Given $d<k$. Let ${\cal M}_{d\times k}(\mathbb{R})$ denotes the set of all $d\times k$ real matrices and suppose that $H:\mathbb{R}^k\rightarrow {\cal M}_{d\times k}(\mathbb{R})$ is a continuous matrices-valued function such that $H(x)$ is full rank for every $x \in \mathbb{R}^k$.
I'd like to construct a continuous function $K:\mathbb{R}^k\rightarrow {\cal M}_{k\times (k-d)}(\mathbb{R})$ such that $K(x)$ is full rank and \begin{equation} H(x)K(x)=0, \quad \forall x \in \mathbb{R}^k. \end{equation} Can we do that?
I've tried defining $K$ as follows: for every $x_0$ define $K(x_0)$ by such matrix with columns are all element in the basis of the subspace $\{y \in \mathbb{R}^k :H(x_0)y=0\}$. Of course $K(x_0)\in {\cal M}_{k\times (k-d)}(\mathbb{R})$ since $\{y \in \mathbb{R}^k :H(x_0)y=0\}$ has dimension $k-d$. But the problem was on the continuity because we can choose arbritary basis of the above subspace. Can anyone give advice in constructing $K$? Thanks in advance.

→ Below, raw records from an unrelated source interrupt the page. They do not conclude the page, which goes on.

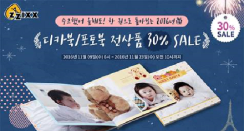 [프라임경제] 찍스(대표 송정진)는 한 해의 추억을 한 권의 포토앨범으로 만들어 볼 수 있도록 '디카북·포토북 전상품 30% 할인 이벤트'를 실시한다고 9일 밝혔다.
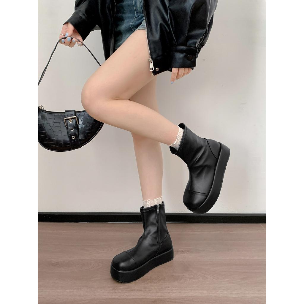 Ретро белые британские мартинсы на толстой подошве женские 2025 новые осенние юбочные увеличивающие рост и стройнящие короткие ботинки
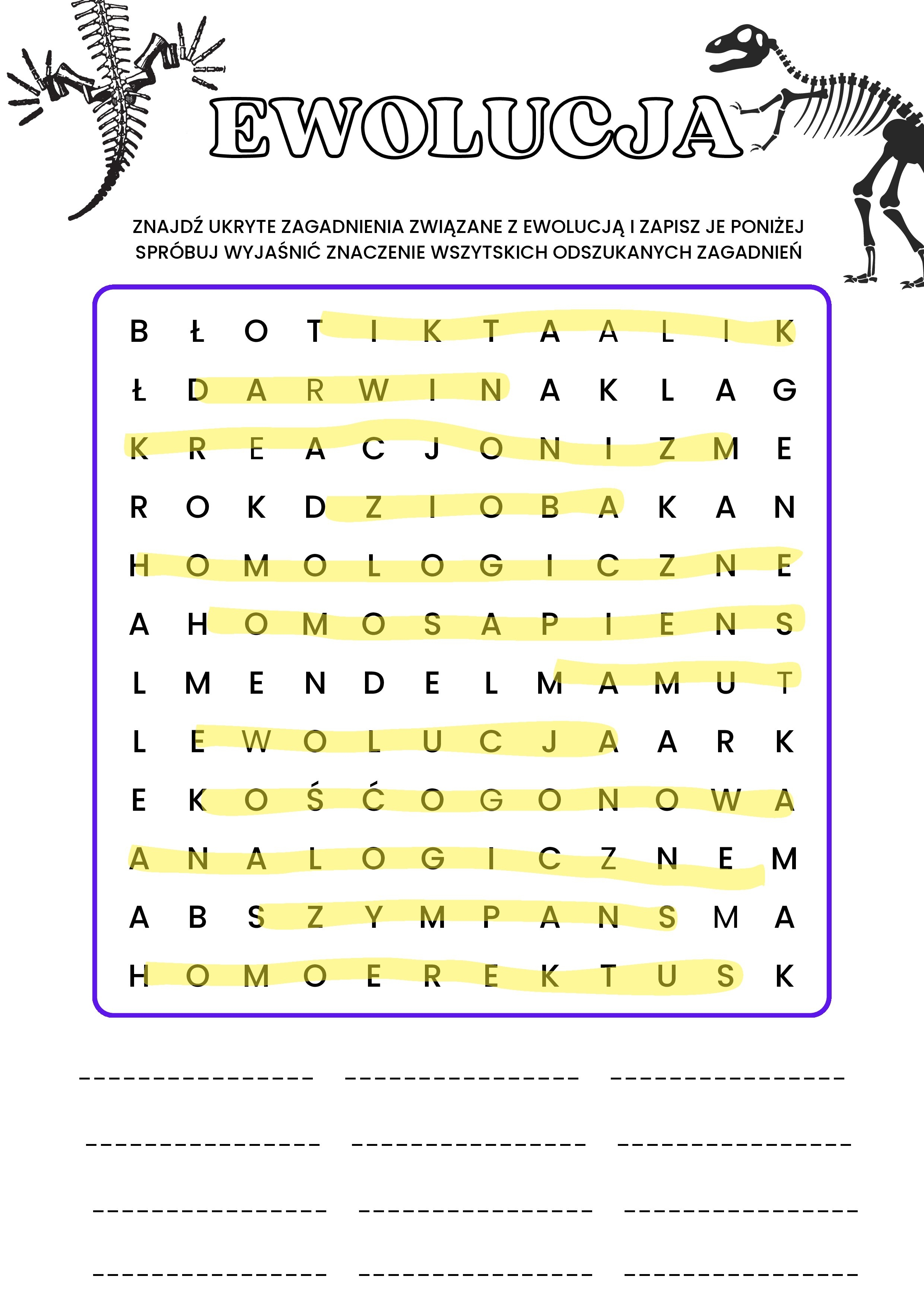 Wykreślanka doskonale sprawdzi się na lekcji powtórzeniowej. Uczniowie nie tylko muszą wyszukac ukryte pojęcia związane z ewolucją, ale również wyjaśnić ich znaczenie, dzięki czemu lepiej utrwalać wiedzę z zakresu ewolucji.
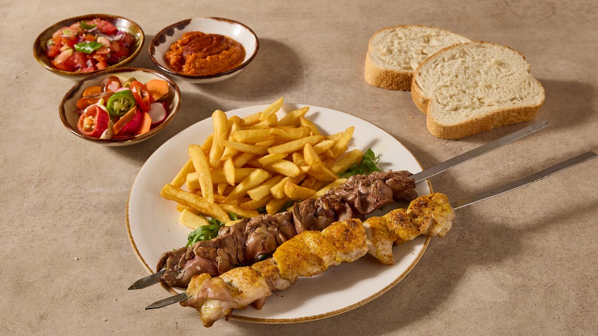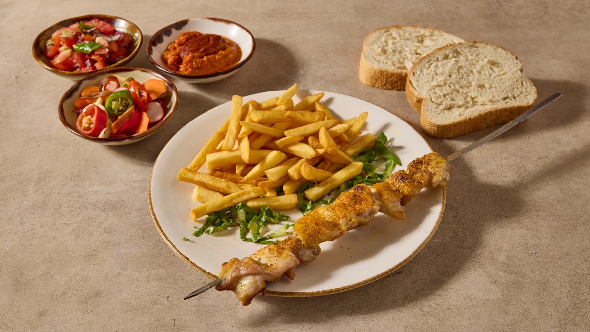 2 שיפודים, תוספת, 4 סלטים ולחם | פיתה לבחירה
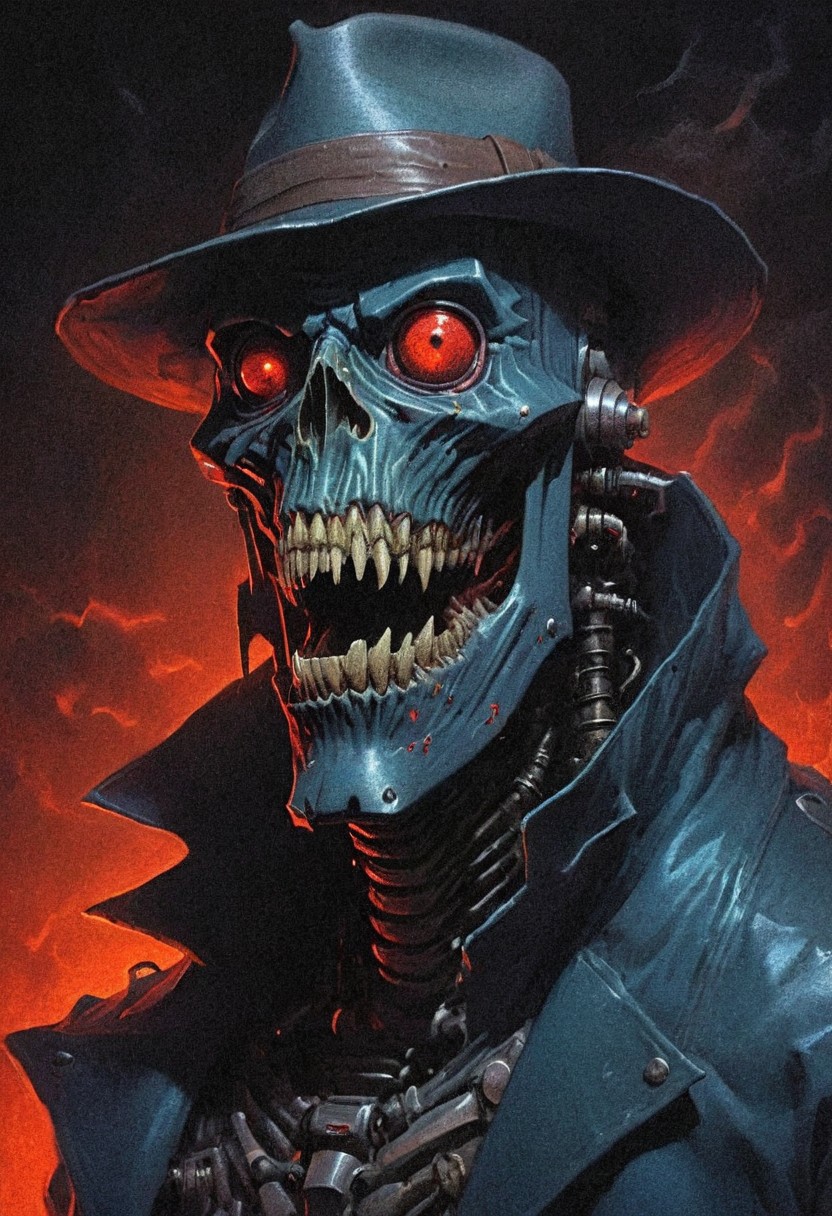 DnD_Grainyboyz, grainy, noise, Dark artwork of a human like robot, giant jaw, cold blue metal, big round glowing red eyes, wearing black fedora and detective coat
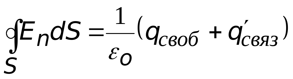 Найти связанный заряд qсвяз можно только в самых простых случаях. Но можно записать теорему Гаусса для вектора электрической индукции D.
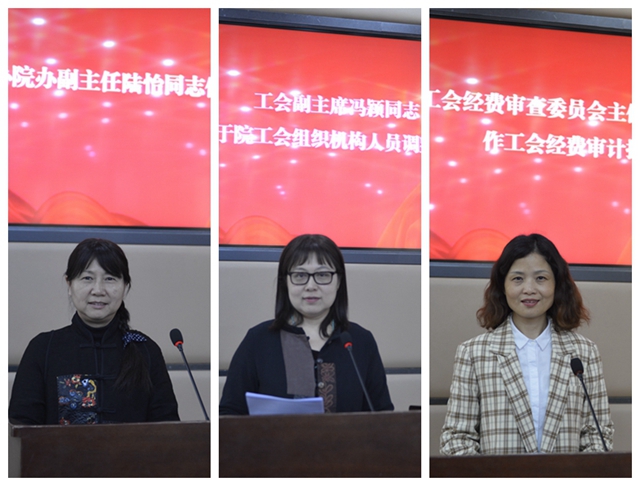 工会副主席冯颖作工会工作报告。工会经费审查委员会主任张伟作工会经费审计报告。党办院办副主任陆怡作提案工作报告。
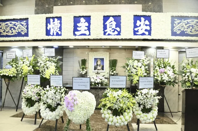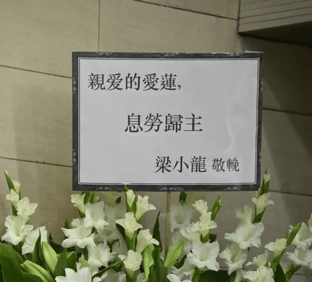 黎爱莲的灵堂一片花海,包括好友黄淑仪、邱礼涛、姜大卫夫妇等现身送别,前夫梁小龙则送上花圈,挽联写着“息劳归主”四字送别前妻。

Here are some thoughts on this question that are too lengthy for a comment. First, if you know any procedure that generates orthogonal vector for a given system of vectors and this procedure depends continuously on vectors of set (and depends only on vectors of this set) — it'll work here. You take vectors which are rows of $H(x)$, generate orthogonal vector $K_1$ and obtain matrix $( H\; \vert \; K_1)^{T}$ which is continuous w.r.t. to $x$. Then you repeat procedure and obtain vector $K_2$, append it again and repeat until you construct matrice $K(x) = (K_1, K_2, \dots, K_{k-d})$. I've tried to find such procedure, but hasn't succeed yet.
Also there's a further development of idea from comments, but it has a flaw. I'll use following notation:
each point $x \in \mathbb{R}^k$ is equipped with $d$ vectors that form columns of matrix $\hat{H}(x) = H^{T}(x)$, $H(x) \in \mathbb{R}^{d \times k} $, $\hat{H}(x) \in \mathbb{R}^{k \times d} $;
by $E$ denote the identity matrix, $E \in \mathbb{R}^{k\times k}$;
Then you do the following. For each point compute matrix $\hat{K}(x) = E - \hat{H}(x) \cdot \Gamma^{-1}(x) \hat{H}^{T}(x)$. This transformation just takes a standard basis at each point $x$ (it corresponds to matrix $E$), subtracts from each basis vector its orthogonal projection on $\hat{H}(x)$ and makes a set of vectors from $\hat{H}^{\perp}(x)$. Matrix $\hat{K}(x)$ depends continuously on $x$ (multiplications/additions are continuous, inversion is continuous too). Also, it satisfies $\hat{H}(x)\hat{K}(x) \equiv 0$. The only problem (and this is the flaw that I've mentioned) is that $\hat{K}(x)$ is from $\mathbb{R}^{k \times k}$ instead of $\mathbb{R}^{k \times (k-d)}$; but it surely has rank $(k-d)$. The problem that I'm struggling here is that I still don't know a way how to continuously "extract" some basis from set of columns of matrix $\hat{K}(x)$.
EDIT: Probably, that's not always possible. I wonder if OP's original can be solved by any other method.